До назначения своего членом Петербургской судебной палаты Матисен провел долгие годы службы в московских и петербургских департаментах Сената. Я застал его уже 68-летним стариком с тонкими чертами лица немецкого типа и добрыми голубоватыми старчески-выцветшими глазами. Он был воплощенная аккуратность и добросовестность. Несмотря на свои годы, он работал усидчиво и непрерывно, с тем сознанием своего долга, в котором сказывалось его происхождение. Доклады его отличались точностью и пунктуальностью, а в решениях, написанных мелким убористым почерком, он не обходил ни одного затронутого в деле вопроса без разрешения, хотя бы их можно было и оставить, ответив в том или ином смысле на коренной вопрос дела. Если к этим свойствам присоединить внимание, уделяемое им юридической литературе (его особенно интересовало право литературной собственности, и у меня хранится его книга «Das geistige Eigentum»(11) Клостермана, испещренная на полях рядом заметок), то можно было бы сказать, что в его лице я встретил образцового судью-цивилиста. Но у него были les defaults de ses qualites(12). Его добросовестность подчас переходила в бесконечные сомнения, заставлявшие его иногда по несколько раз возвращаться к уже решенному вопросу и, как я шутливо выражался, «вступать в пререкания с самим собою». Это чрезвычайно затягивало рассмотрение дел и было особенно тягостно в тех случаях, когда решению по существу должно было предшествовать обсуждение предварительных вопросов о подсудности, давности, смешении и соединении исков и т. п. Иногда этим вопросам посвящалось целое заседание с тем, чтобы в следующем за ним решить дело по существу. После долгих и упорных споров Матисен, наконец, соглашался с мнением товарищей (он не любил оставаться «при особом мнении»), но в следующем заседании снова подымал уже решенный вопрос, вызывая почтительный гнев этих же товарищей. По делу общества взаимного поземельного кредита с членами правления, являвшимися ответственными за двухмиллионную растрату, совершенную Юханцевым, эти пререкания Матисена с самим собою дошли до того, что мы проектировали напечатать для него особые бланки, в которых говорилось бы: «По вопросу о… нахожу, что… и даю сию подписку в том, что при дальнейшем обсуждении дела более спорить и прекословить не буду».

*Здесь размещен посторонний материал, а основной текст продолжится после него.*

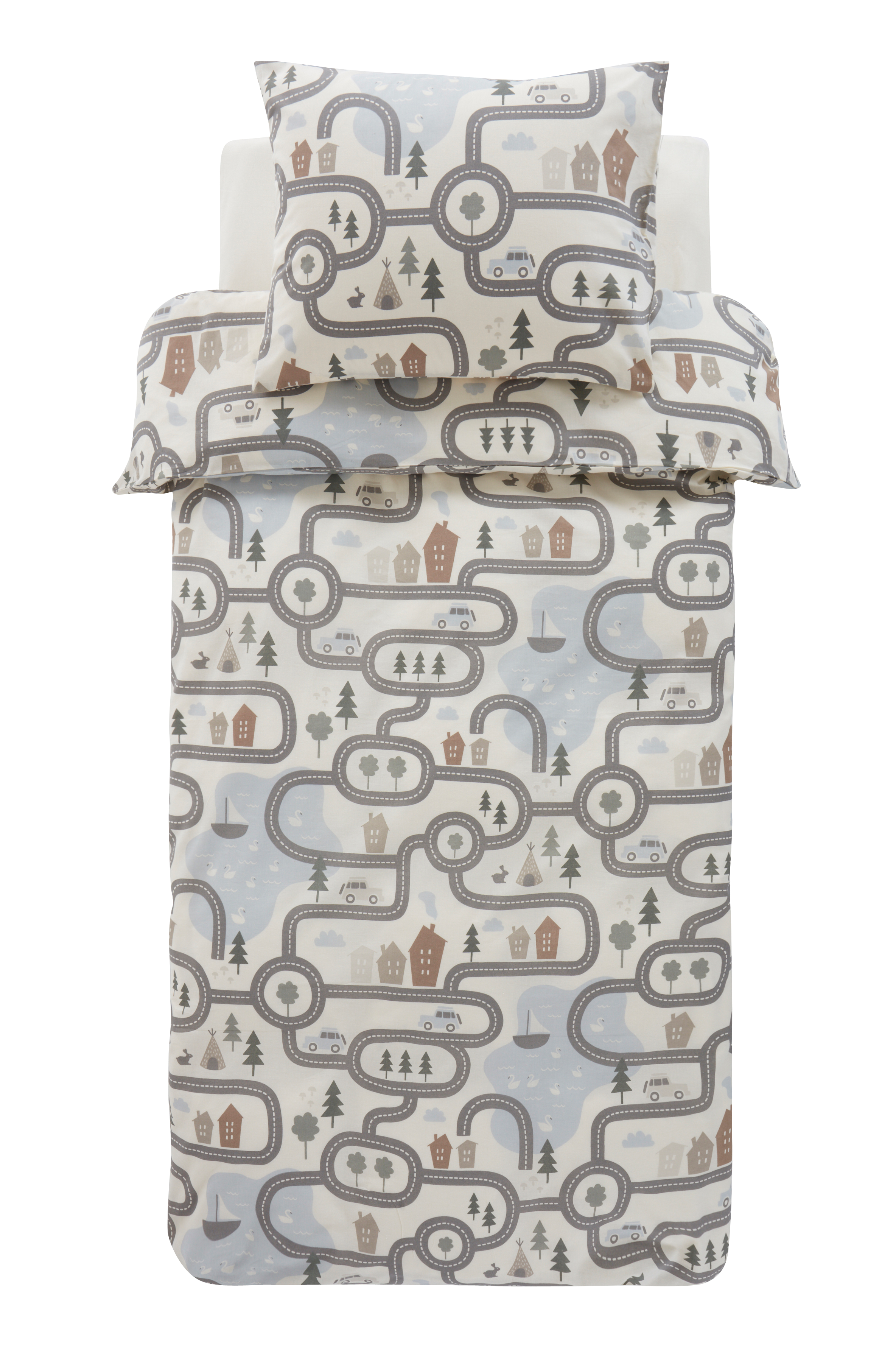 Sett med dynetrekk, putevar og dra-på-laken i økologisk bomull. Dynetrekk og putevar har mønstertrykk i milde, harmoniske farger. Motivet er en myldrende by med veier, hus, dyr og natur. Dra-på-lakenet er ensfarget i en matchende kremhvit farge. Strikk i hjørnene gjør at dra-på-lakenet sitter godt på madrassen. Det er deilig å sove i økologisk bomull - svalt og mykt mot huden. Trådtetthet på 144 tc. (Trådtettheten forteller om antallet tråder, thread counts, pr. kvadrattomme i et stoff. Jo høyere trådtetthet, desto høyere kvalitet.)

Лютеранин, в речи которого слышались германизмы (он говорил: инженьёр, ефангелиум и т. п.), он был горячим русским патриотом, чему, вероятно, способствовал его брак с прекрасной русской женщиной, разливавшей вокруг себя тихий свет и тепло. Его перу принадлежит описание достопримечательностей Москвы, изложенное на французском языке, ввиду предстоявшей в 1856 году коронации императора Александра II, и интересное описание наводнения Петербурга в 1824 году, коего он был очевидцем. Утонченно вежливый, на старый, ныне забытый, манер, гостеприимный и немного щепетильный, он бывал особенно интересен в своих встречах и беседах с Н. Н. Мясоедовым, председателем II гражданского департамента судебной палаты, будущим первоприсутствующим гражданского кассационного департамента Сената. Выдающийся юрист и чудесный во всех отношениях человек, Мясоедов во всей своей повадке представлял полную противоположность Матисену, и хотя последний относился к нему с искренним уважением и приязнью, но громкий заикающийся голос Мясоедова, резкие телодвижения и нервная непоседливость приводили старика в смущение, а иногда вызывали в нем даже тревогу. Я не могу забыть того изумления, с которым Матисен слушал рассказы Мясоедова, уже бывшего сенатором, о своих приключениях и разговорах с незнакомыми людьми в вагонах и на империале конок, причем однажды на заявление его, что он, в качестве сенатора, обратит внимание на дело своего соседа по империалу, по словам последнего, решенное неправильно, последовали недоуменный взор собеседника, окинувший суровую фигуру и бедный наряд Мясоедова, и презрительное восклицание: «Сенатор! Аккурат! Тьфу!».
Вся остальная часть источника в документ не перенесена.